It were almost superfluous to mention that the following day was a Saturday--for no discreet citizen would think of leaving town on any other. It dawned with uncommon splendour, and the cocks of Coram Street and adjacent parts seemed to hail the morn with more than their wonted energy. Never, save on a hunting morning, did Mr. Jorrocks tumble about in bed with such restless anxiety as cock after cock took up the crow in every gradation of noise from the shrill note of the free street-scouring chanticleer before the door, to the faint response of the cooped and prisoned victims of the neighbouring poulterer's, their efforts being aided by the flutterings and impertinent chirruping of swarms of town-bred sparrows.

At length the boy, Binjimin, tapped at his master's door, and, depositing his can of shaving-water on his dressing-table, took away his coat and waistcoat, under pretence of brushing them, but in reality to feel if he had left any pence in the pockets.
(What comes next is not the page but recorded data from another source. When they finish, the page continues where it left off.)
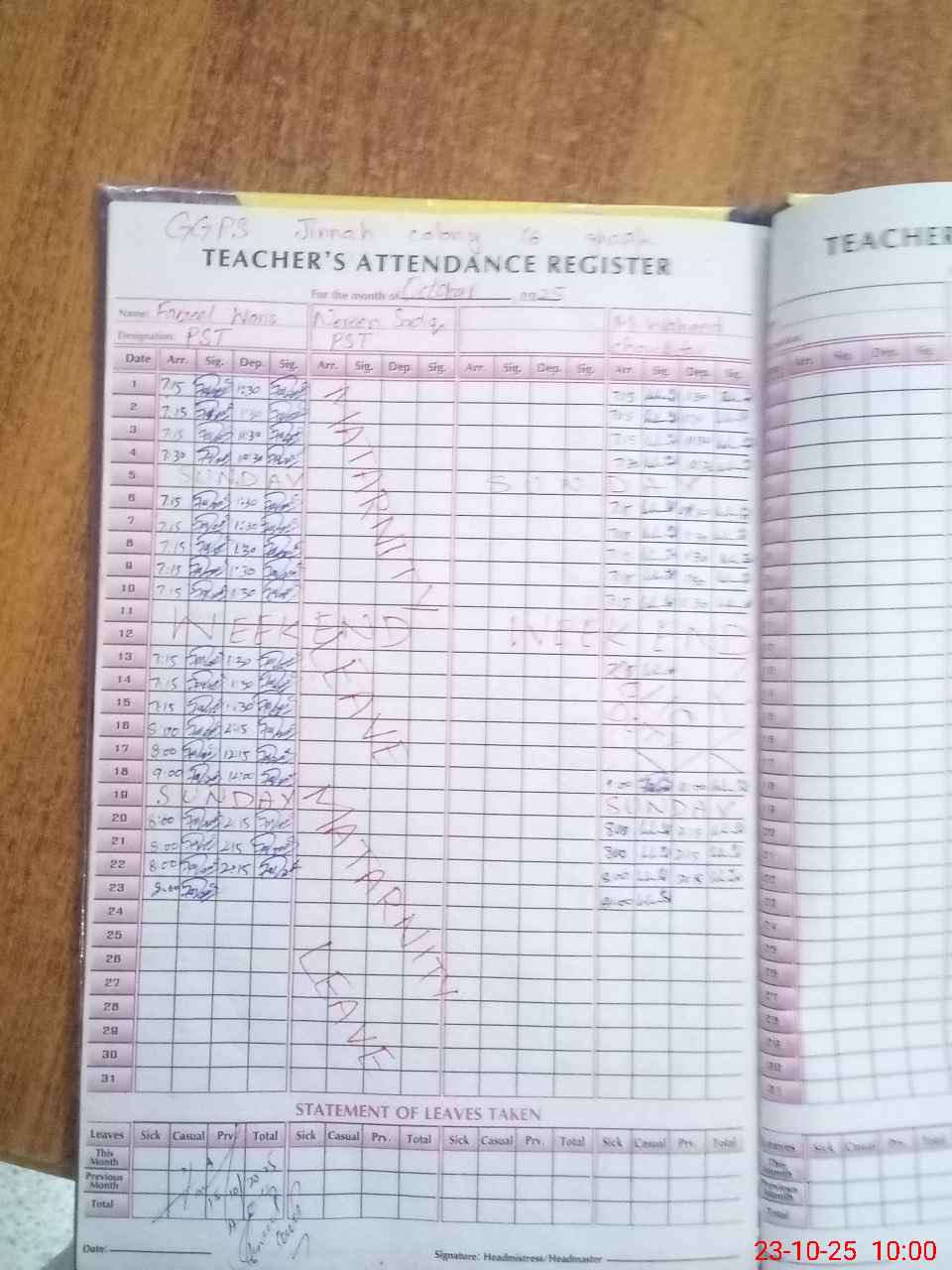| Name: Fa**** No**** Wa**** Designation: (School Headmaster's/Headmistress's) PST Phone/Cell Number: 03**** |
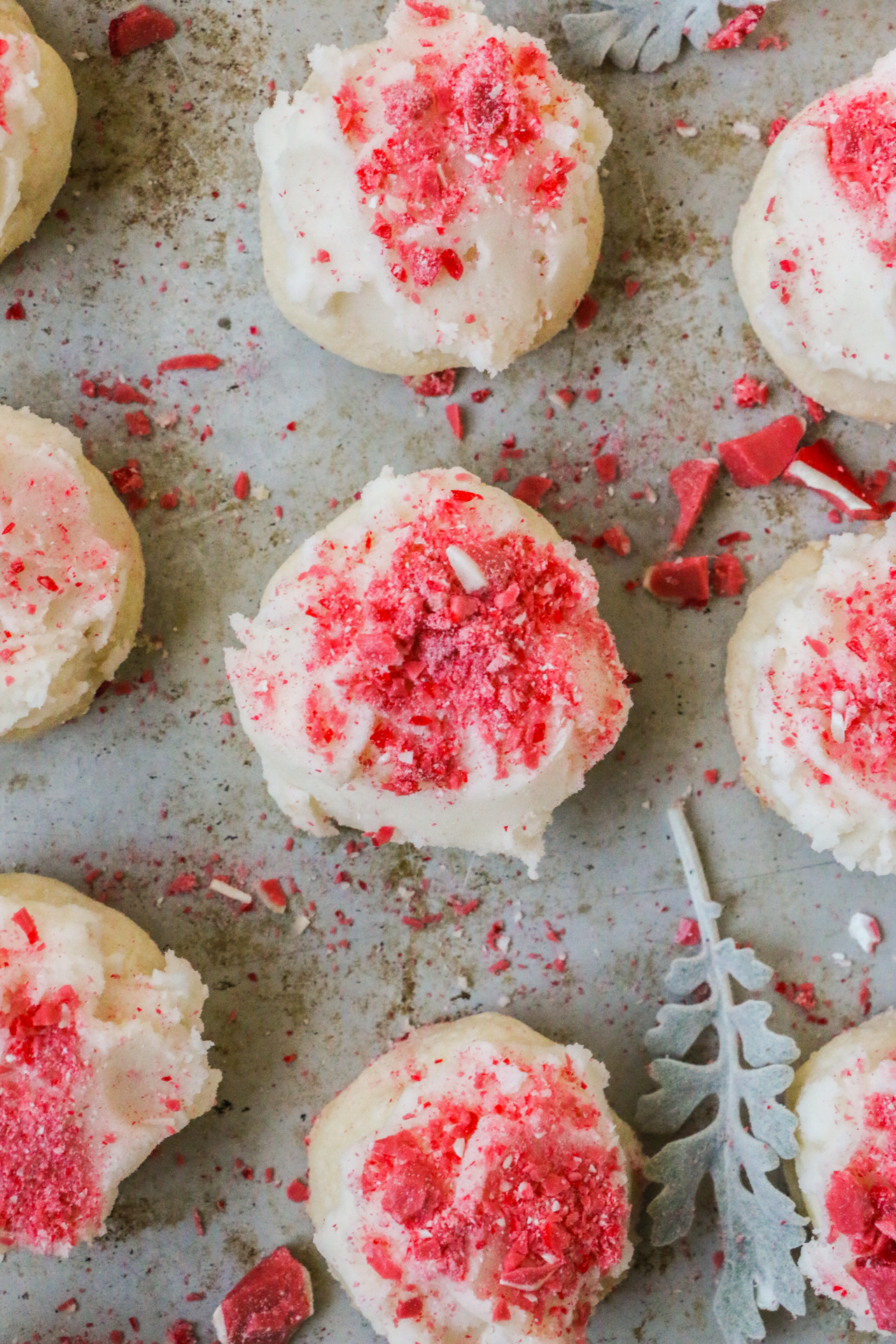 Using a stand or hand mixer, cream together butter, half and half, peppermint extract and powdered sugar until light and fluffy. Working with one cookie at a time, spread the frosting over the cookies and add crushed peppermint bits before the frosting starts to set, repeat the process with all cookies.
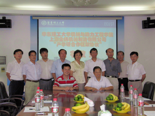2009年8月28日下午,上海金緯機械制造有限公司與上海華東理工大學建立“產學研”戰略聯盟合作會議在上海召開。雙方將發揮各自的優勢,通過科研項目、攻關課題、新產品開發和人才培訓等方面,在相互支持與發展中,構建以市場為導向、產學研結合的科技創新合作體系。
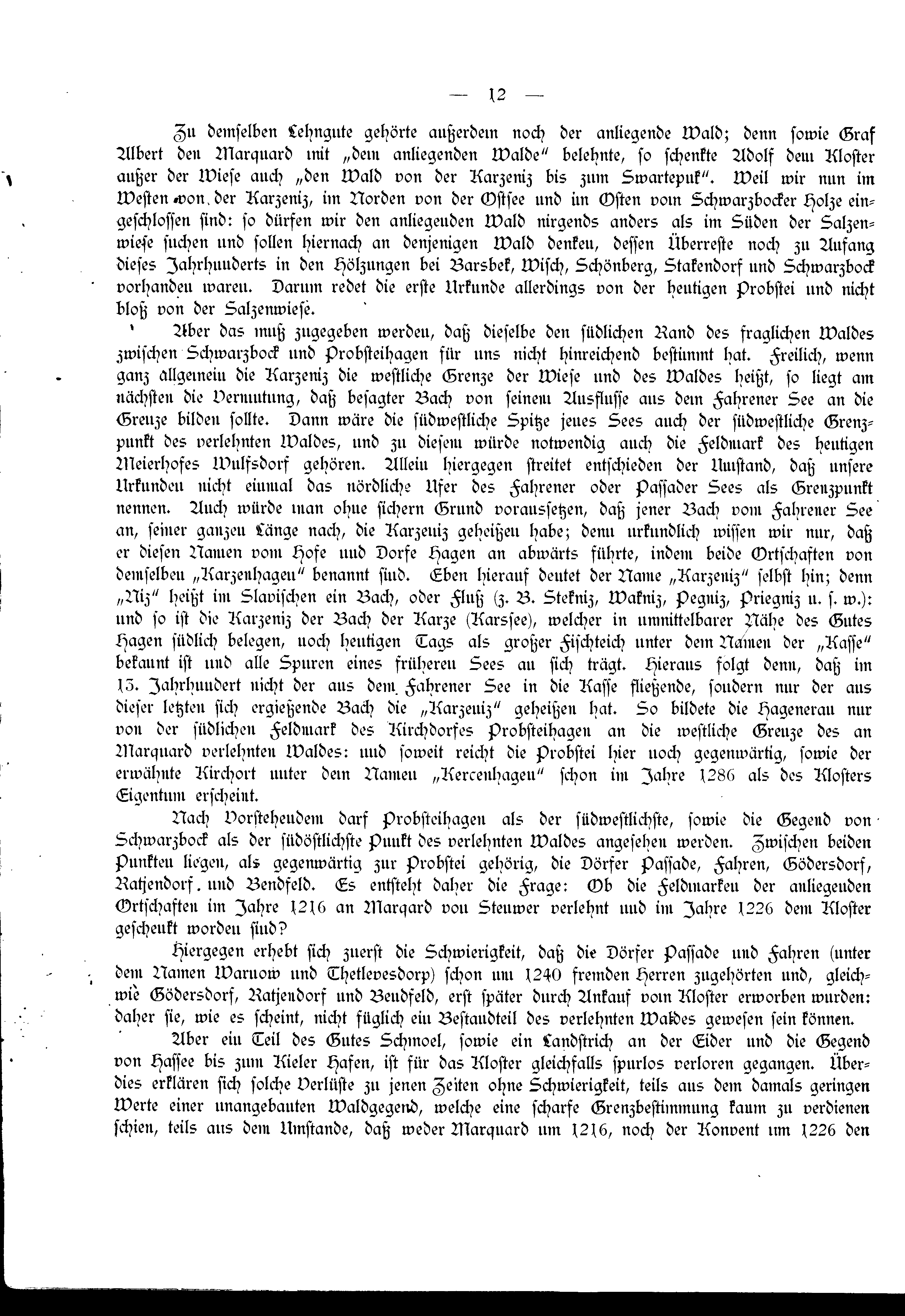Aber das muß zugegeben werden, daß dieselbe den südlichen Rand des fraglichen Waldes zwischen Schwarzbock und Probsteihagen für uns nicht hinreichend bestimmt hat. Freilich, wenn ganz allgemein die Karzeniz die westliche Grenze der Wiese und des Waldes heißt, so liegt am nächsten die Vermutung, daß besagter Bach von seinem Ausflusse aus dem Fahrener See an die Grenze bilden sollte. Dann wäre die südwestliche Spitze jenes Sees auch der südwestliche Grenzpunkt des verlehnten Waldes, und zu diesem würde notwendig auch die Feldmark des heutigen Meierhofes Wulfsdorf gehören. Allein hiergegen streitet entschieden der Umstand, daß unsere Urkunden nicht einmal das nördliche Ufer des Fahrener oder Passader Sees als Grenzpunkt nennen. Auch würde man ohne sichern Grund voraussetzen, daß jener Bach vom Fahrener See an, seiner ganzen Länge nach, die Karzeniz geheißen habe; denn urkundlich wissen wir nur, daß er diesen Namen vom Hofe und Dorfe Hagen an abwärts führte, indem beide Ortschaften von demselben „Karzenhagen“ benannt sind. Eben hierauf deutet der Name „Karzeniz“ selbst hin; denn „Niz“ heißt im Slawischen ein Bach, oder Fluß (z.B. Stekniz, Wakniz, Pegniz, Priegniz u.s.w.): und so ist die Karzeniz der Bach der Karze (Karssee), welcher in unmittelbarer Nähe des Gutes Hagen südlich belegen, noch heutigen Tags als großer Fischteich unter dem Namen der „Kasse“ bekannt ist und alle Spuren eines früheren Sees an sich trägt. Hieraus folgt denn, daß im 15. Jahrhundert nicht der aus dem Fahrener See in die Kasse fließende, sondern nur der aus dieser letzten sich ergießende Bach die „Karzeniz“ geheißen hat. So bildete die Hagenerau nur von der südlichen Feldmark des Kirchdorfes Probsteihagen an die westliche Grenze des an Marquard verlehnten Waldes: und soweit reicht die Probstei hier noch gegenwärtig, sowie der erwähnte Kirchort unter dem Namen „Kercenhagen“ schon im Jahre 1286 als des Klosters Eigentum erscheint.
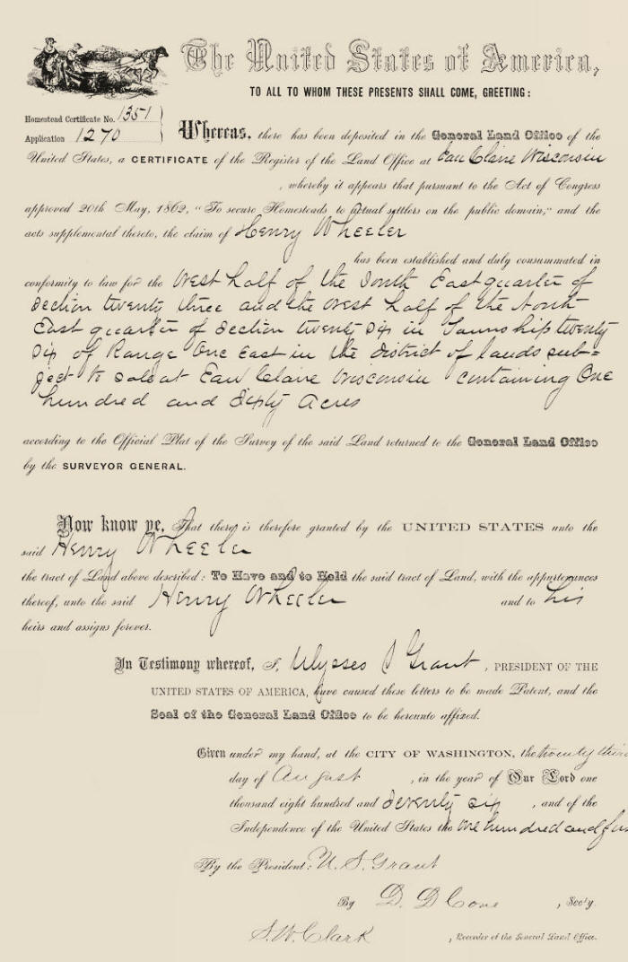 Henry was born in Dec 1817, the son of William and Miranda (Payne) Wheeler. Both parents were natives of NY. Henry first married Martha and they were living in Loyal Twp., Clark Co., WI at the time of the 1870 Federal Census. He was born in NY during 1816 and she was a native of England, born in 1936. In 1876, they homesteaded 160 acres of land in sections 23 and 26 in Sherman Twp. during the time that Ulysses S. Grant was President. Henry's second marriage was to Clarissa.
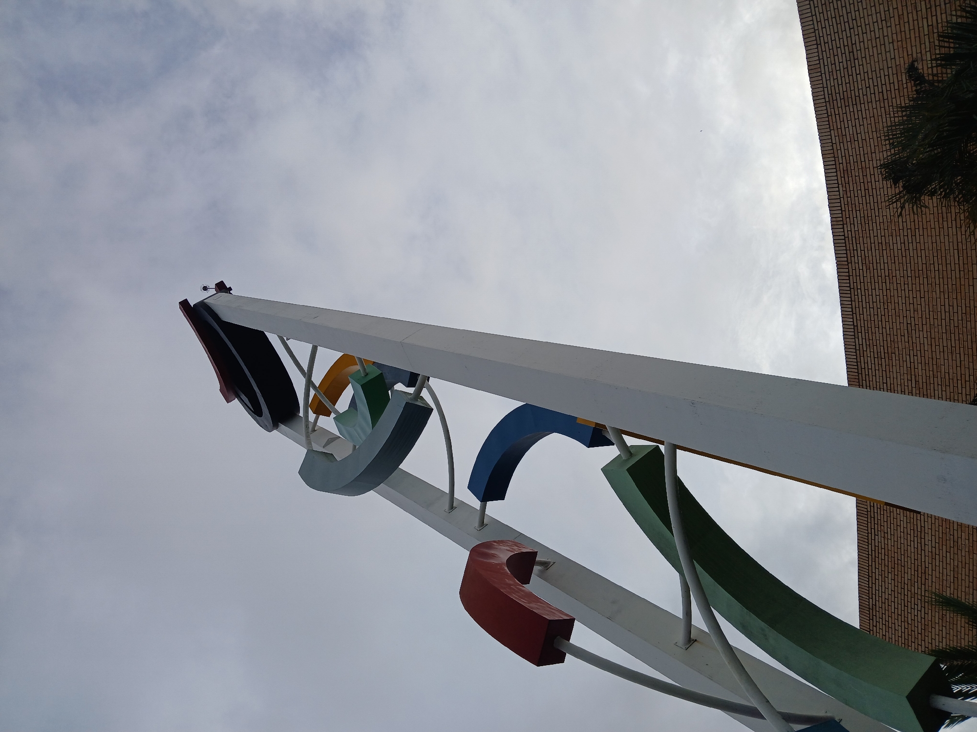 The image presents a low-angle view of a prominent, multi-colored abstract sculpture, identified as the Monumento a la Identidad Guayanesa (also known as Puerta del Orinoco), situated at the La Piña roundabout in Guayana City, Venezuela. The sculpture is composed of two tall, white vertical structural beams from which various curved and angular elements are suspended. These elements are rendered in distinct colors including red, dark blue, light blue, teal, yellow, and black, and are interconnected by thinner white horizontal and diagonal rods. A small light fixture or sensor is affixed to the uppermost point of the right white vertical beam. The background consists of an overcast, light grey sky with diffuse cloud cover. In the lower right quadrant, a building with a curved façade constructed of reddish-brown bricks is partially visible, its lower portion obscured by dark green, palm-like foliage. No individuals, specific actions, or interactions are depicted within the scene.

With pleasure Mr. Jorrocks threw aside the bed-clothes, and bounded upon the floor with a bump that shook his own and adjoining houses. On this day a few extra minutes were devoted to his toilet, one or two of which were expended in adjusting a gold foxhead pin in a conspicuous part of his white tie, and in drawing on a pair of new dark blue stocking-net pantaloons, made so excessively tight, that at starting, any of his Newmarket friends would have laid three to two against his ever getting into them at all. When on, however, they fully developed the substantial proportions of his well-rounded limbs, while his large tasselled Hessians showed that the bootmaker had been instructed to make a pair for a "great calf." A blue coat, with metal buttons, ample laps, and pockets outside, with a handsome buff kerseymere waistcoat, formed his costume on this occasion.

Breakfast being over, he repaired to St. Botolph Lane, there to see his letters and look after his commercial affairs; in which the reader not being interested, we will allow the Yorkshireman to figure a little.

About half-past one this enterprising young man placed himself in Tommy Sly's wherry at the foot of the Savoy stairs, and not agreeing in opinion with Mr. Jorrocks that it is of "no use keeping a dog and barking oneself," he took an oar and helped to row himself down to London Bridge. At the wharf below the bridge there lay a magnificent steamer, painted pea-green and white, with flags flying from her masts, and the deck swarming with smart bonnets and bodices. Her name was the _Royal Adelaide_, from which the sagacious reader will infer that this excursion was made during the late reign. The Yorkshireman and Tommy Sly having wormed their way among the boats, were at length brought up within one of the vessels, and after lying on their oars a few seconds, they were attracted by, "Now, sir, are you going to sleep there?"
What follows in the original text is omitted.